# How to complete this task
Please reproduce the lines of the records below from the one holding "手元が下がれば、ヘッドはボールに対してダウンブローに下りていく。" through the one holding "Voici deux blouses", inclusive, skipping all pictures.

# Data in this exercise

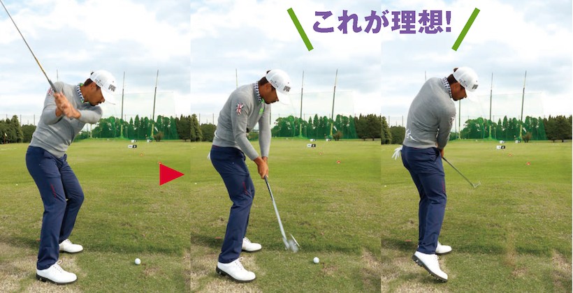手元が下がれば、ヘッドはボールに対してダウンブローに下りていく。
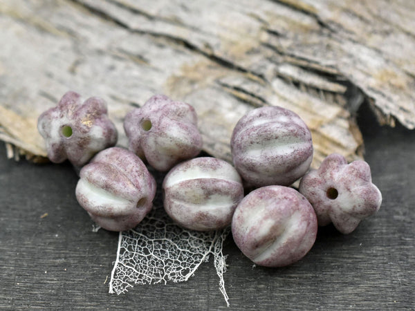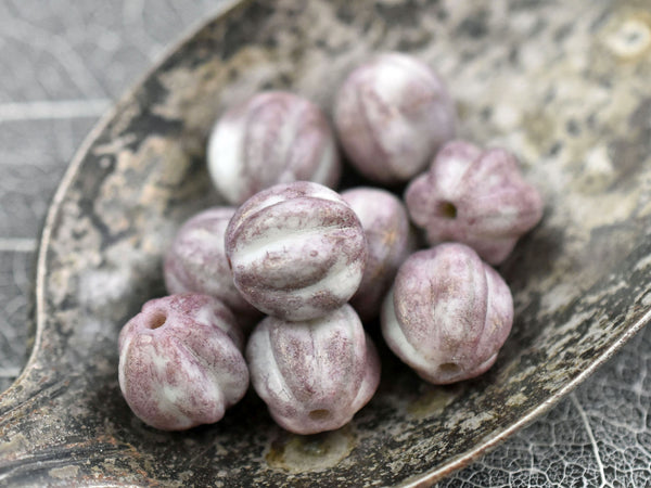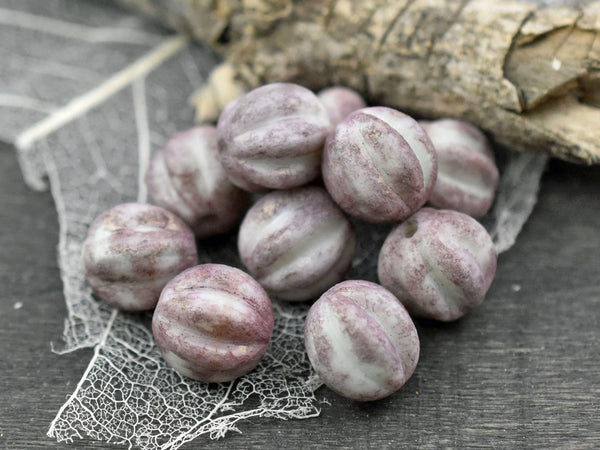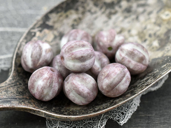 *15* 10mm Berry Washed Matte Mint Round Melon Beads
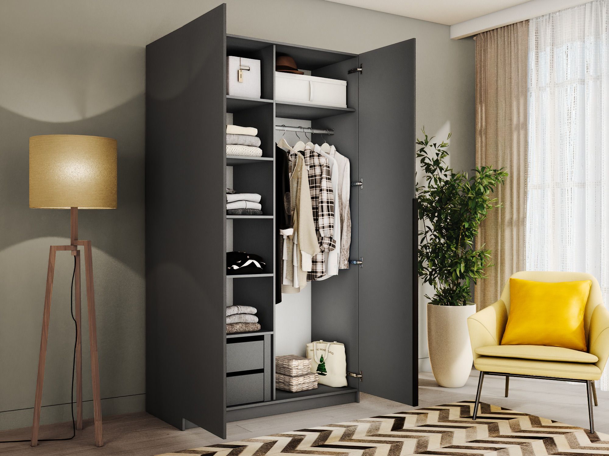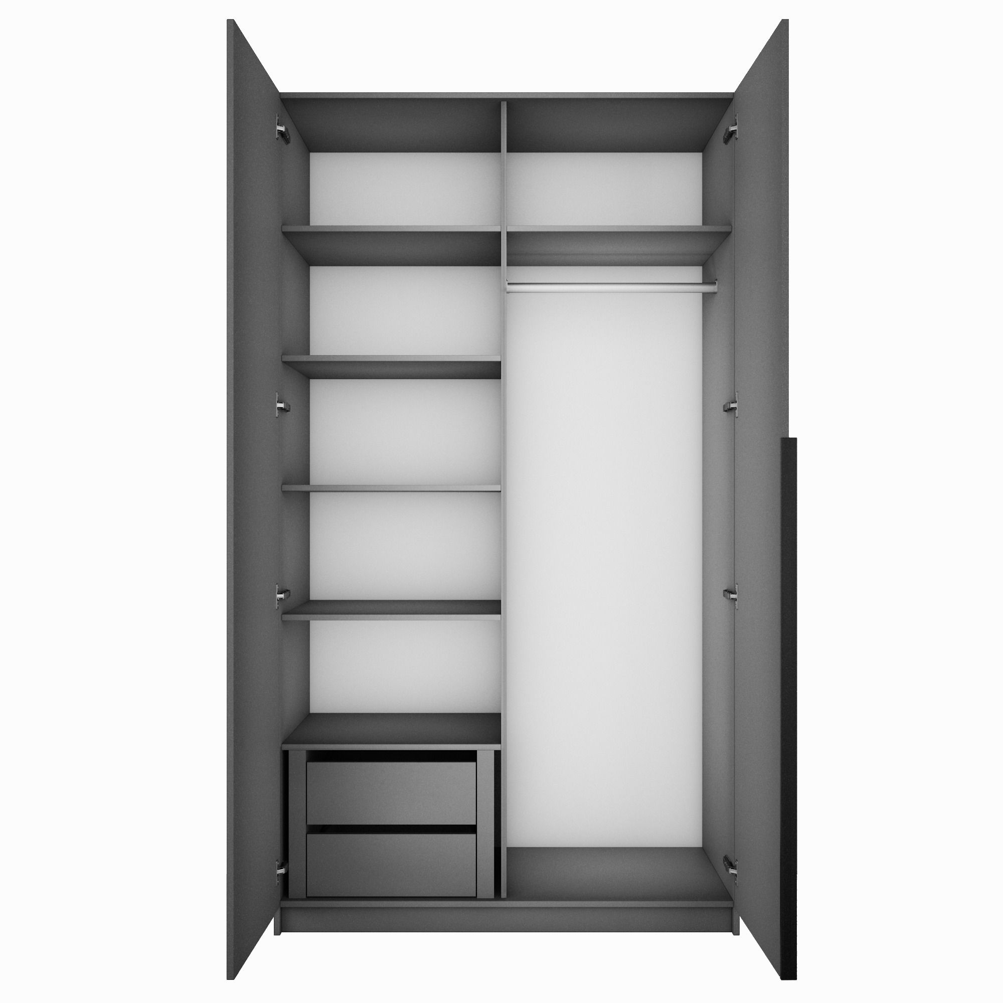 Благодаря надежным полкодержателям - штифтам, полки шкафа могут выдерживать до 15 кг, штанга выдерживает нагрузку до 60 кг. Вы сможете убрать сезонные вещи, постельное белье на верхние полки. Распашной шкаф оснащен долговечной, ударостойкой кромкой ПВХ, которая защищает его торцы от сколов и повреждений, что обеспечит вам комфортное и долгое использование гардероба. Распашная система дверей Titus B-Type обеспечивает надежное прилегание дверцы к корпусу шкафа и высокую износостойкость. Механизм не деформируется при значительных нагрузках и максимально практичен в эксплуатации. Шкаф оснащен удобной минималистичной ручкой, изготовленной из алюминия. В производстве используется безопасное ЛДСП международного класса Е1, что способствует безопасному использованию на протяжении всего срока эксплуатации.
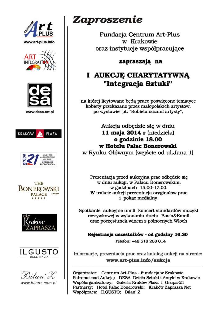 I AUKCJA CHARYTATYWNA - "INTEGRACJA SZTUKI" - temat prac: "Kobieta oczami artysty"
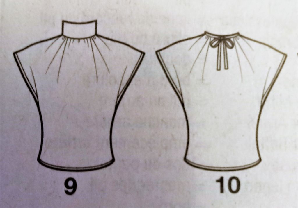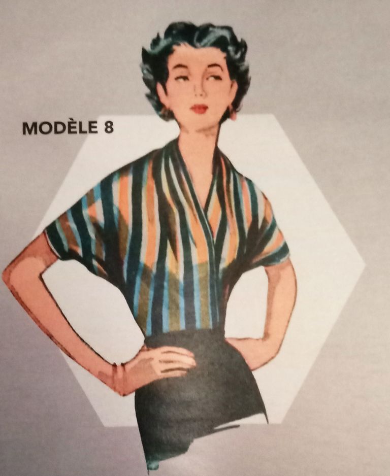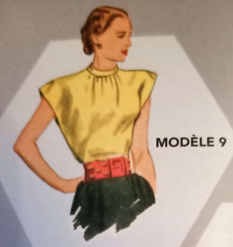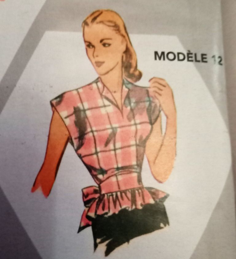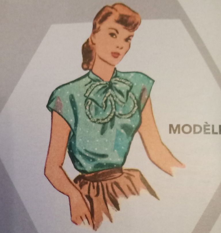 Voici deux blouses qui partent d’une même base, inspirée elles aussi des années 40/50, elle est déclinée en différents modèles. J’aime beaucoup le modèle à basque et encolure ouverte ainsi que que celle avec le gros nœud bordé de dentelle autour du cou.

==

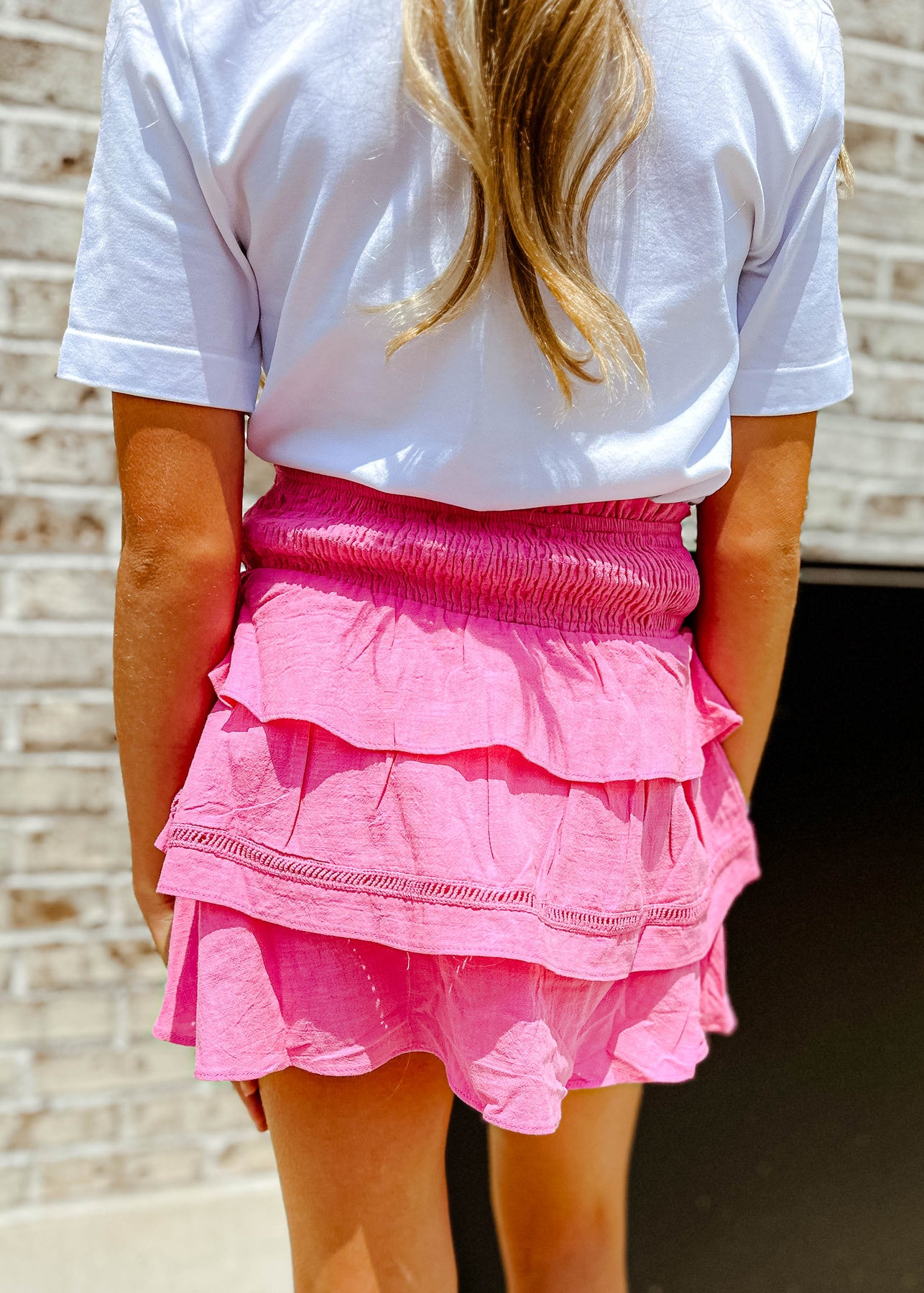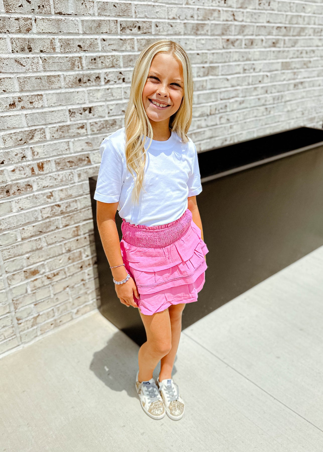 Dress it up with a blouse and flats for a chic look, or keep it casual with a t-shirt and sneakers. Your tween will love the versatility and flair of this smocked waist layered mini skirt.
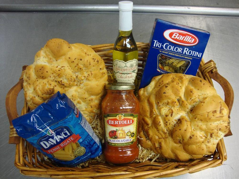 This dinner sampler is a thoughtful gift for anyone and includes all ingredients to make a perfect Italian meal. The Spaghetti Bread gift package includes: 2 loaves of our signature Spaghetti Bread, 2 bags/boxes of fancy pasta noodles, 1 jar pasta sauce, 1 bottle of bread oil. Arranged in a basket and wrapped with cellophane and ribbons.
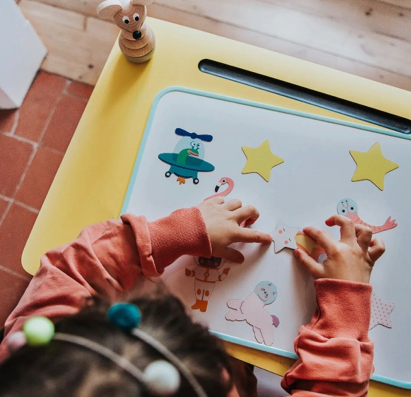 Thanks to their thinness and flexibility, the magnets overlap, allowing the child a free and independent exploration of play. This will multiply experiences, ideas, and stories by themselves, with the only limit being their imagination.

* * *

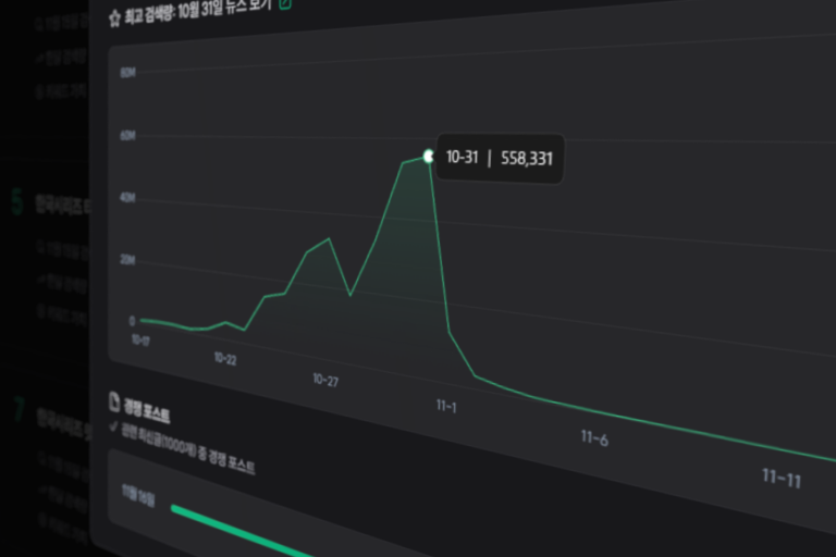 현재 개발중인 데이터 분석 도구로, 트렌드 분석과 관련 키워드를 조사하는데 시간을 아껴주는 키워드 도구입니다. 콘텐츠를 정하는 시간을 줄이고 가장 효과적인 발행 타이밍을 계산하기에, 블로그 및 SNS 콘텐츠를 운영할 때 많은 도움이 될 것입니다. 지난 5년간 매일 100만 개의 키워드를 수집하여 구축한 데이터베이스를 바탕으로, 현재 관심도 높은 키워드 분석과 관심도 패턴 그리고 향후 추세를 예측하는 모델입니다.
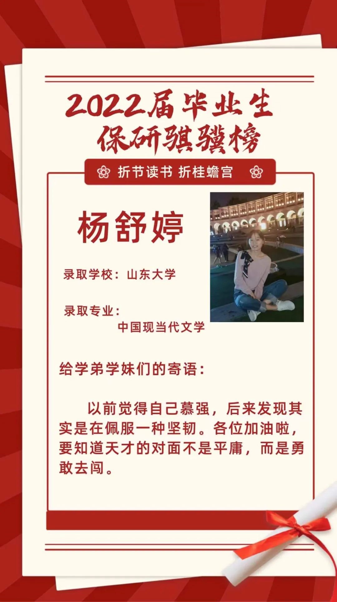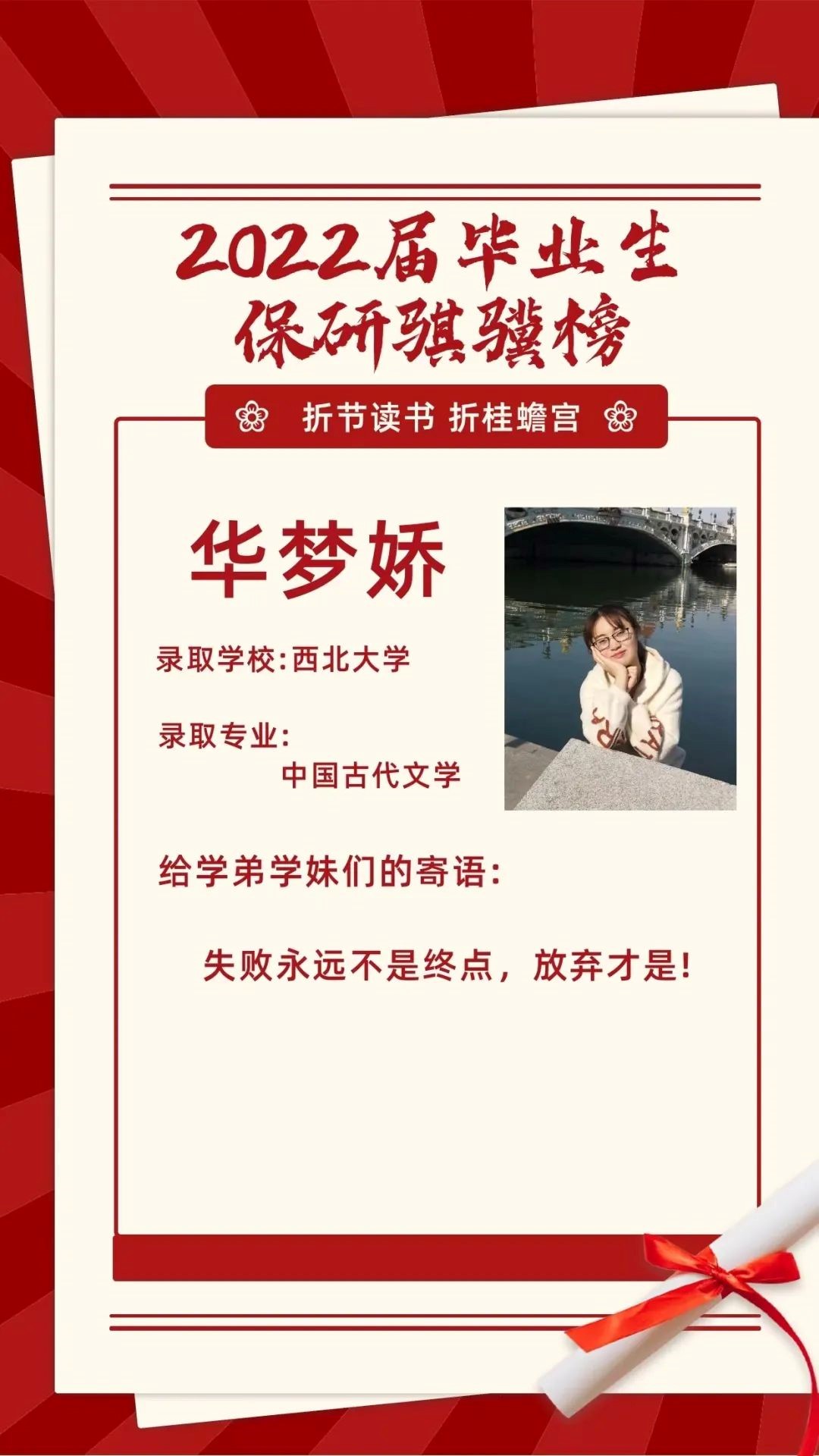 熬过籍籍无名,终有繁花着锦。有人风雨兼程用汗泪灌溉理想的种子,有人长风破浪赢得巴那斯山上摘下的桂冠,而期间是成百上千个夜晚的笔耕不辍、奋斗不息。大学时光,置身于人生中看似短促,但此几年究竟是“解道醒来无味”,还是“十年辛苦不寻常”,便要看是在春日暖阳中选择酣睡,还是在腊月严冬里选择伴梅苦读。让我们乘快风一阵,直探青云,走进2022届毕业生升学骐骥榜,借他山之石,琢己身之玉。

# Response to this task
手元が下がれば、ヘッドはボールに対してダウンブローに下りていく。
 *15* 10mm Berry Washed Matte Mint Round Melon Beads
 Благодаря надежным полкодержателям - штифтам, полки шкафа могут выдерживать до 15 кг, штанга выдерживает нагрузку до 60 кг. Вы сможете убрать сезонные вещи, постельное белье на верхние полки. Распашной шкаф оснащен долговечной, ударостойкой кромкой ПВХ, которая защищает его торцы от сколов и повреждений, что обеспечит вам комфортное и долгое использование гардероба. Распашная система дверей Titus B-Type обеспечивает надежное прилегание дверцы к корпусу шкафа и высокую износостойкость. Механизм не деформируется при значительных нагрузках и максимально практичен в эксплуатации. Шкаф оснащен удобной минималистичной ручкой, изготовленной из алюминия. В производстве используется безопасное ЛДСП международного класса Е1, что способствует безопасному использованию на протяжении всего срока эксплуатации.
 I AUKCJA CHARYTATYWNA - "INTEGRACJA SZTUKI" - temat prac: "Kobieta oczami artysty"
 Voici deux blouses qui partent d’une même base, inspirée elles aussi des années 40/50, elle est déclinée en différents modèles. J’aime beaucoup le modèle à basque et encolure ouverte ainsi que que celle avec le gros nœud bordé de dentelle autour du cou.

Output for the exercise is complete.